President Barack Obama won Iowa in 2008 by 9.5 percentage points, but the incumbent President’s poor performance among early voters indicates Republican challenger Mitt Romney has the advantage heading into election day.
Obama is doing worse than John Kerry, who lost the state in 2004 to George W. Bush, in early voting.
Romney has less of a deficit to overcome in Iowa on Election Day than either Sen. John McCain (R-AZ) and George W. Bush in 2008 and 2004, respectively. Republicans have closed the registration gap with Democrats. Romney leads among independents in Iowa. And all of the state’s major newspapers — even those that endorsed Obama in 2008 — have endorsed the former Governor.
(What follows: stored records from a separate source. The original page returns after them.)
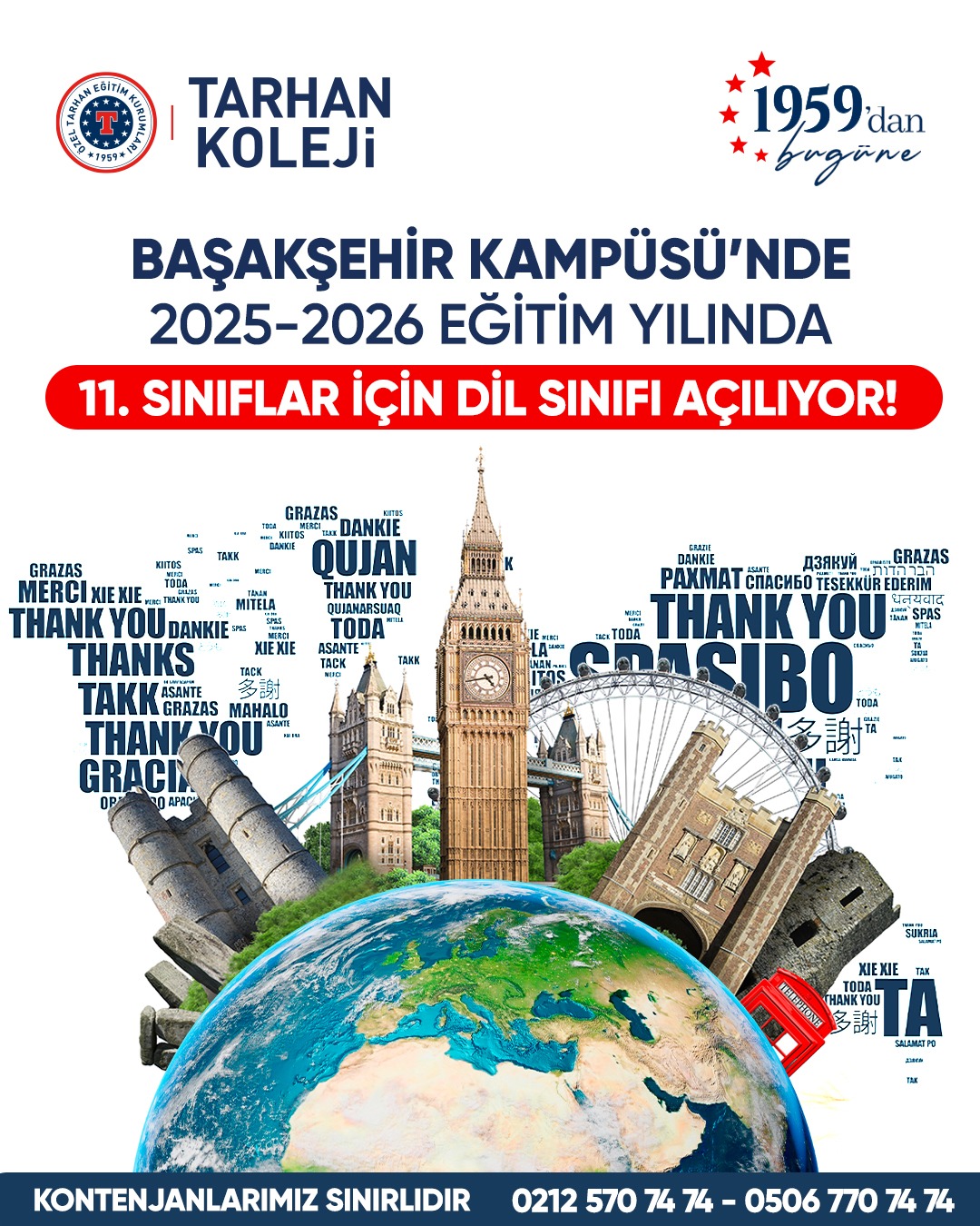 Tarhan Koleji Başakşehir Kampüsü olarak lise kademesinde yeni eğitim-öğretim yılında Yabancı Dil Sınıfı açıyoruz! 🏫📚📌 Uluslararası standartlarda müfredat📌 Kariyeriniz için güçlü bir dil altyapısı📌 Uluslararası Programlar ve SertifikalarHayalindeki Üniversiteye Bir Adım Daha Yaklaş!🚀 Eğer geleceğin kapılarını açan yabancı dil eğitimi almak istiyorsan, hemen başvur!📩 Detaylı bilgi ve kayıt için bize ulaş: 0212 570 74 74 – 0506 770 74 74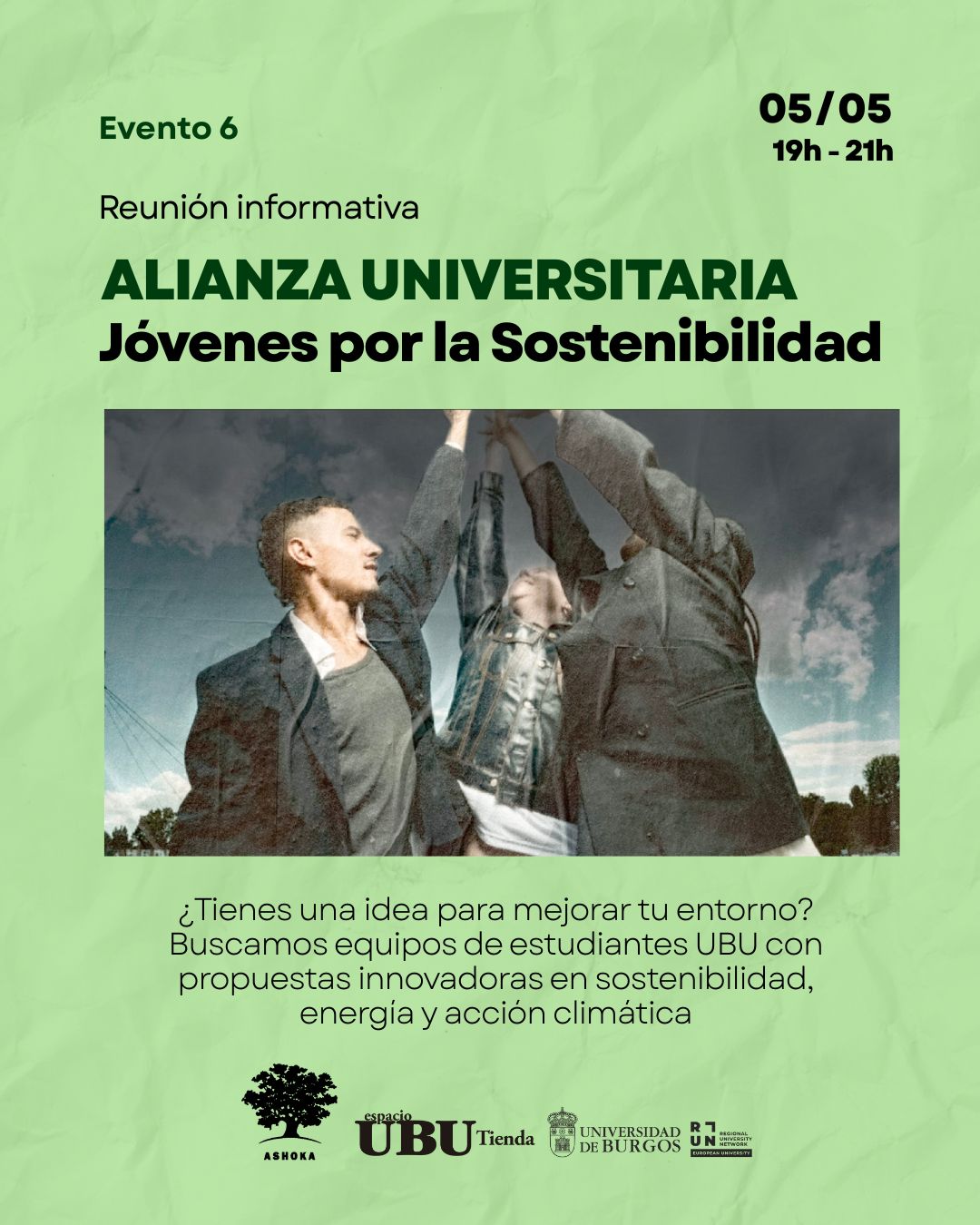 Se trata de un programa que busca equipos de jóvenes con ideas innovadoras capaces de generar un impacto positivo en su entorno, especialmente en ámbitos relacionados con la transición energética, la sostenibilidad y la acción climática. Con el objetivo de dar a conocer todos los detalles del programa, el próximo 5 de mayo, de 19:00 a 21:00 h, tendrá lugar una reunión informativa en el espacio UBU Tienda en la que el alumnado podrá recibir información de primera mano y se resolverán dudas.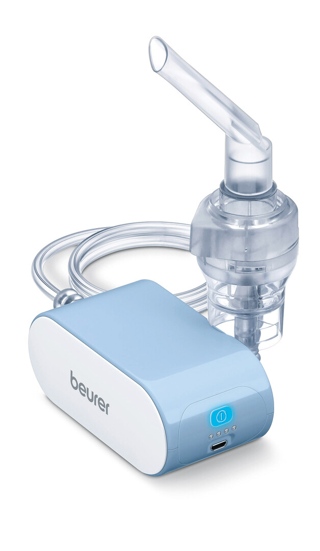Der IH 60 ist ein kleiner, leichter Inhalator, der flüsterleise arbeitet. Daher eignet er sich ideal für Kinder und auch für unterwegs. Das in dezentem Hellblau gehaltene Gerät ermöglicht mittels Kompressor-Drucklufttechnologie eine optimale Vernebelung selbst zähflüssiger Medikamente. Die hohe Vernebelungsleistung erlaubt eine kurze Inhalationszeit bei minimaler Betriebslautstärke. Im Gerät verbaut ist ein Lithium-Ionen-Akku, der über den mitgelieferten Adapter und das Mikro-USB-Kabel aufgeladen werden kann.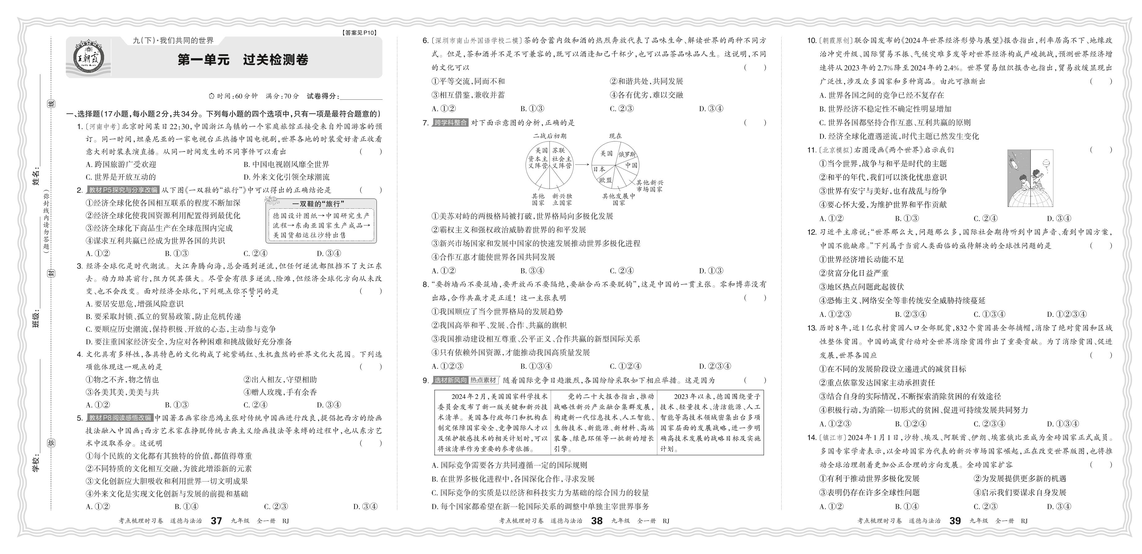 2025下册九年级道德与法治人教版 第一单元 过关检测卷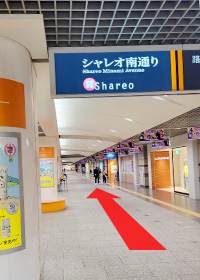 ④紙屋町シャレオに入ったらすぐ左手の南3出口方面へ進みます。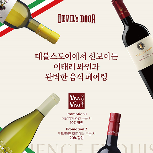 신세계푸드 ‘데블스도어’, 주한 이탈리아 무역공사 와인 캠페인 ‘비바 일 비노’ 참가신세계푸드의 아메리칸 스타일 게스트로펍 ‘데블스도어’가 주한 이탈리아 무역공사가 주관하는 이탈리아 와인 캠페인 ‘비바 일 비노 2024(Viva il Vino 2024)’에 참가한다.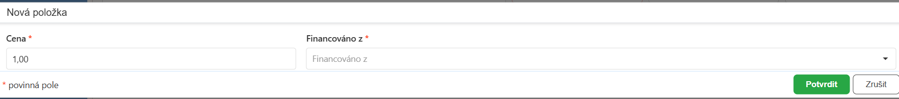 Musí být vyplněno z jakého grantu bude platba financována. Částka může být rozdělena na několik grantů (v tom případě stačí kliknout na +Přidat položku a vyplnit detaily).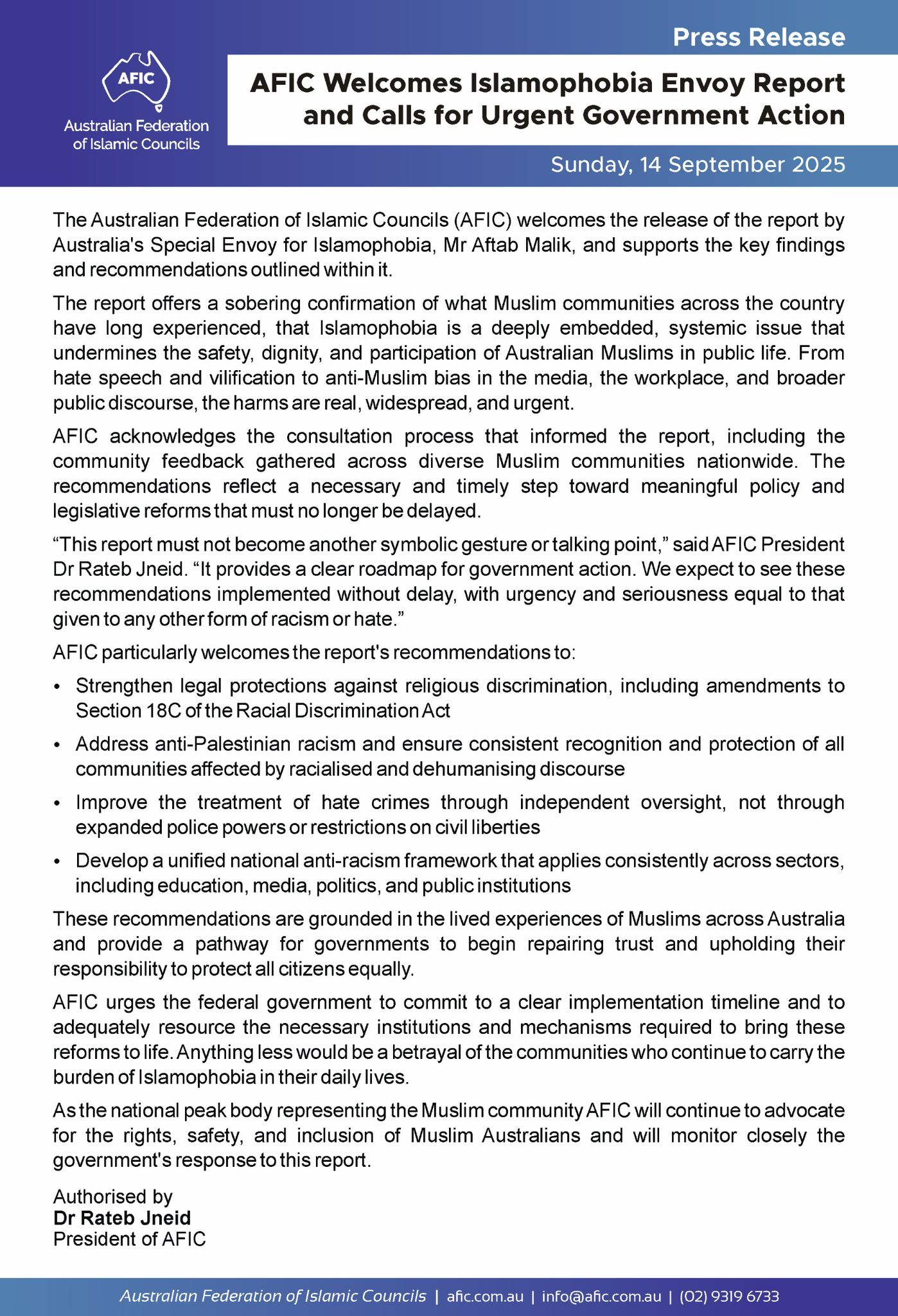 The Australian Federation of Islamic Councils (AFIC) welcomes the release of the report by Australia’s Special Envoy for Islamophobia, Mr Aftab Malik, and supports the key findings and recommendations outlined within it.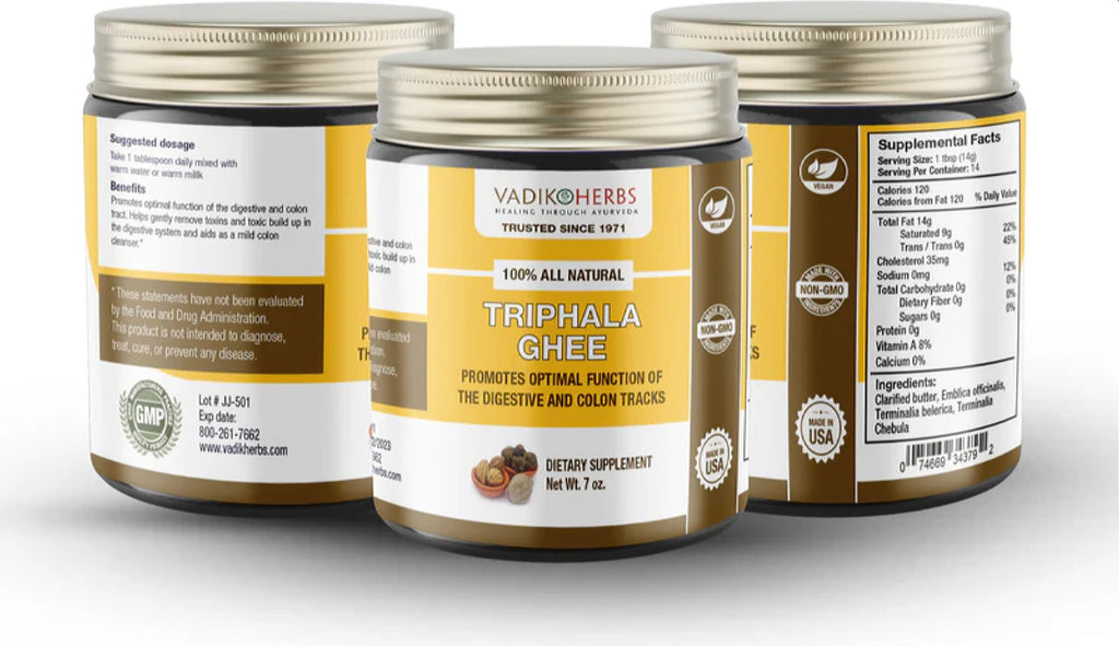 Triphala ghee is a traditional Ayurvedic preparation made by combining ghee (clarified butter) with Triphala, which is a herbal blend consisting of three fruits: Amla (Indian gooseberry), Haritaki, and Bibhitaki. This combination is highly regarded in Ayurveda for its potential health benefits.

The Des Moines Register, whose final 2008 poll predicted Obama winning by 17 — 7.5 points higher than the actual outcome, has Obama up by five in its final 2012 poll.
But the poll — like many that have Obama ahead — assumes Democrats will have a greater partisan advantage than they did in 2008, when enthusiasm for Obama was at its peak. Then, Democrats had a one-point advantage at the polls. In 2012, Republicans had a four-point advantage.
Polls that have a reasonable partisan breakdown — like ARG’s poll with a D +1 sample — have Romney in the lead or tied.
“He will again under-perform his Iowa polling, where he has yet to come close to the 50 percent mark in any survey of polling averages,” top Romney strategist David Kochel wrote.
Democrats’ Early-Vote Margins Have Collapsed
Kochel noted that instead of an 18-point margin, Democrats maintain only a five-point margin going into Election Day. In 2004, when George W. Bush won Iowa, Democrats had a six-point lead going into Election Day, which means Obama is doing worse in early voting than John Kerry, who lost the state.
Traditionally, Democrats outperform Republicans in early voting in Iowa, and Republicans outperform Democrats on Election Day.
Kochel also noted:
And the key statistic our voting models point to is that the GOP has, as of today, 87,481 more high-propensity voters available to vote on Election Day because many more of our most committed voters have made the choice to vote on November 6. Tens of thousands more mid-propensity voters are also available, which will grow our Election Day margins even further.
Independents Have Turned Against Obama
Obama is losing independents in Iowa by roughly six points, and, as Kochel notes, “more than 50,000 more independents have requested absentee ballots or have voted early as compared to this time four years ago.”
“With tens of thousands of independents voting in the days and weeks following Governor Romney’s stellar performance in the debates, these votes are already in the bank for our ticket,” he affirmed.
GOP Intensity Results in Record Ground Game
Kochel also noted that in “Iowa and nationwide, polls show GOP intensity between 8 and 10 points higher than Democratic intensity.”
“We’re seeing that in the swelling number of volunteers packing our Victory offices statewide,” Kochel wrote. “When contrasted with the empty Obama offices around Iowa, it’s clear the energy and momentum is ours.”
This is why the Obama campaign has not released its numbers from Iowa.
Iowa Wave is Evident on the Pages of Iowa Newspapers
Kochel recalled that it has “been generations since all four of Iowa’s largest newspapers endorsed the same candidate,” and “it’s been 40 years since our largest paper, the Des Moines Register, endorsed a Republican.”
“Mitt Romney is going to win Iowa on Tuesday, and the state that launched Barack Obama’s historic run for the White House will politely ask to have its vote back,” Kochel concluded.